To access your Extend app dashboards, you can use the steps within Introduction to Observability. Once logged in to Grafana Cloud, do the following:

  1. Click Dashboards on the sidebar.

  2. In the search bar, search for "Extend dashboard". The available Extend dashboards will appear in the list.

  3. Click the dashboard you want to view:

All Extend Apps Performance dashboard

The All Extend Apps Performance dashboard contains sections of panels that show performance metrics for the AGS Extend apps across all your game namespaces. If you want to generate the data of Extend apps from a specific game namespace, use the Game Namespace filter at the top of the dashboard. You can also apply default and custom filters, such as app ID, name, and scenario, to refine the data displayed on the dashboard.

note

Make sure to also specify the time period of the data you want to generate. The time period settings is at the top-right side of the dashboard and is set to the last 30 minutes.

The All Extend Apps Performance dashboard contains the following panels:

Overview section

This section's panels show the following general information and basic performance metrics of all your Extend apps:

Total Game Namespace panel

Shows the total number of your game namespaces with Extend apps that have actively deployed images.

Total App panel

Shows the total number of Extend apps with actively deployed images.

App Information panel

Lists all the Extend apps with actively deployed images. showing each app's ID, name, source game namespace, and Extend scenario (or app type).

Deployment Duration panel

Lists the deployments of Extend apps, showing the the date, time, and duration of each deployment.

Failed Deployment (count) panel

Shows the top three Extend apps with the highest count of failed image deployments.

Timeout Deployment (count) panel

Shows the top three Extend apps with the highest count of image deployment attempts that took longer than the deployment timeout duration limit would allow.

CPU Usage (service) panel

Shows a graph showing the amount of CPU usage within the specified time range. Hover over the graph to see specific usage and time details.

Memory Usage (service) panel

Shows a graph showing the amount of memory usage of the Extend apps.
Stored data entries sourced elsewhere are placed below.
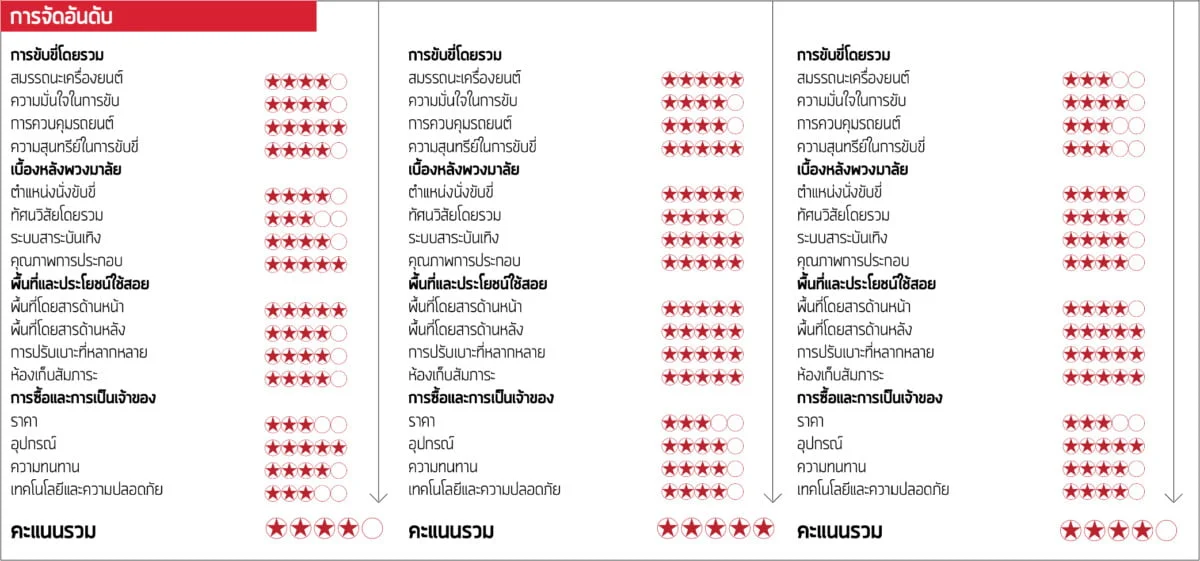 พื้นที่ด้านหน้า, พื้นที่ด้านหลัง, ความยืดหยุ่นของเบาะนั่ง, พื้นที่ท้ายรถ
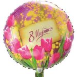 Круг с гелием «8 марта.Тюльпаны и мимозы» 18″/45см
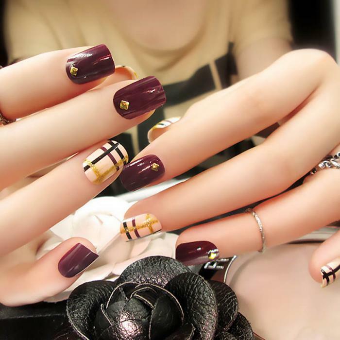 ボルドーにチェックが大人かわいいネイルチップです✨
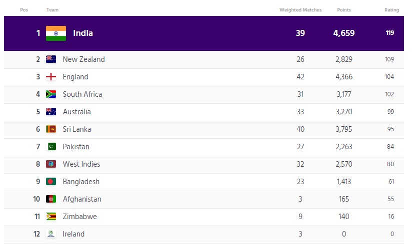 It contradicts the actual ICC test rankings, which, while it still has India in number one spot, and New Zealand in second, has a gap of 10 points, from 119 to 109, and seems somewhat fairer and more accurate.
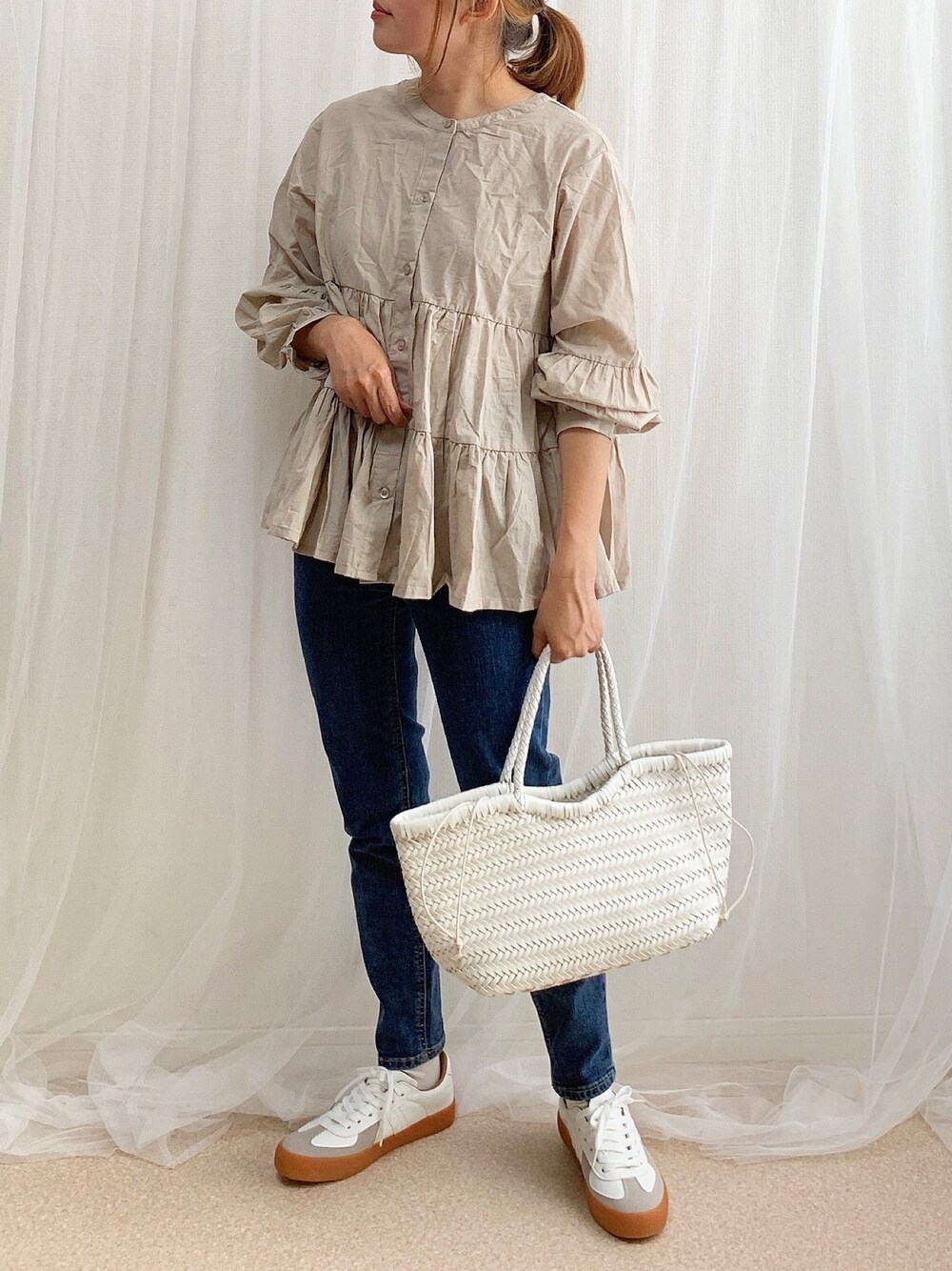 見てくださりありがとうございます𖧷 ベージュのティアードブラウス❣️ (撮り忘れましたが)backにスリット入り♡ 薄めで今時期の羽織にもピッタリ🦤◎ デニム合わせでカジュアルに👖 ジャーマントレーナーは チキちゃんがおすすめしてたやつ♡ຼ☺︎ 旦那さんとお揃いで買ってたから 私も旦那とお揃いで買いました( ー̀֊ー́ )✌︎ そのうち登場する…かも|- -)笑 Instagram➞anmi_wear
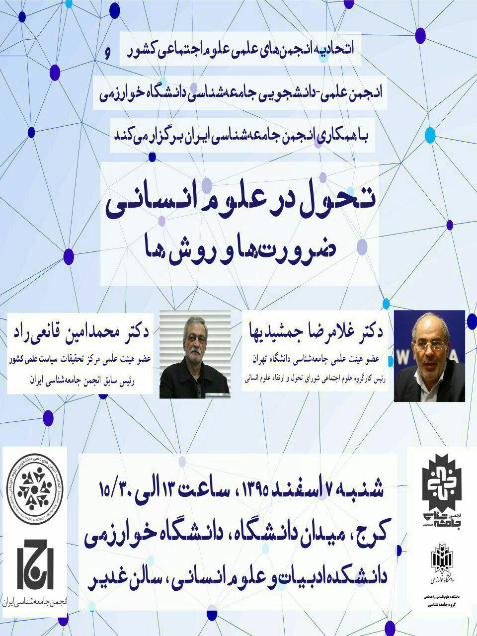 اتحادیه انجمن های علمی علوم اجتماعی سراسر کشورو انجمن علمی جامعه‌شناسی دانشگاه خوارزمی با همکاری انجمن جامعه شناسی ایران برگزار می‌کنند:
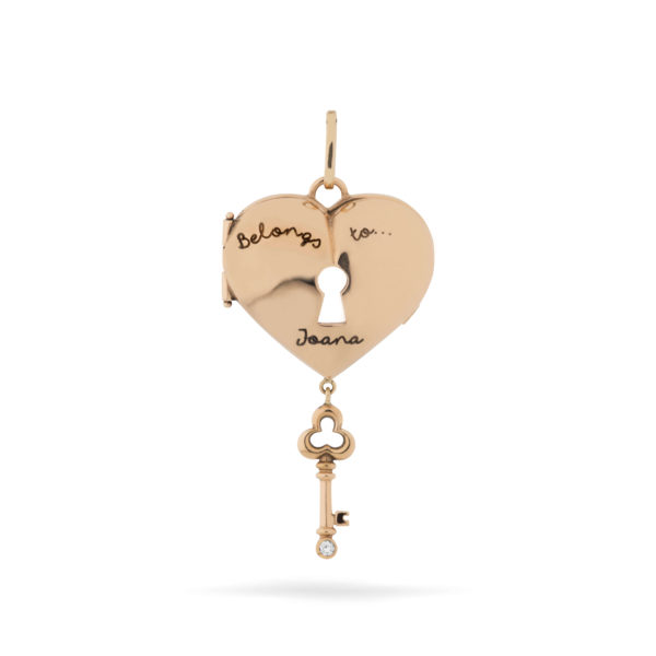 Esse relicário é o que há de mais fofo para representar as suas histórias preciosas. A figura da chave e da fechadura, a gravação “Belongs to…” com o seu nome personalizado e o formato de coração são detalhes do design que vão compondo uma peça cheia de amor. Você pode usar tanto de um lado quanto de outro. O lado transparente é feito de cristal para que você possa exibir uma foto! O coração tem formato abaulado (gordinho) e permite que você guarde pequenas preciosidades, como o dentinho do seu filho, uma mensagem escrita à mão, uma pétala do seu buque de casamento ou outras relíquias da sua vida…

Hover over the graph to see specific usage and time details.

Replica Count & Limit panel

Displays a graph showing the number of replicas in the Extend apps with actively deployed images.

Total Service Error Logs panel

Displays a graph showing the number of service error logs generated from Extend apps with actively deployed images.

Service Error Logs panel

Lists the last 20 service error logs generated from all Extend apps with actively deployed images.

Overridable feature section

This section's panels show performance information specific to the Extend Override apps.

Received Rate panel

The rate of requests received by AGS from the Extend Override apps.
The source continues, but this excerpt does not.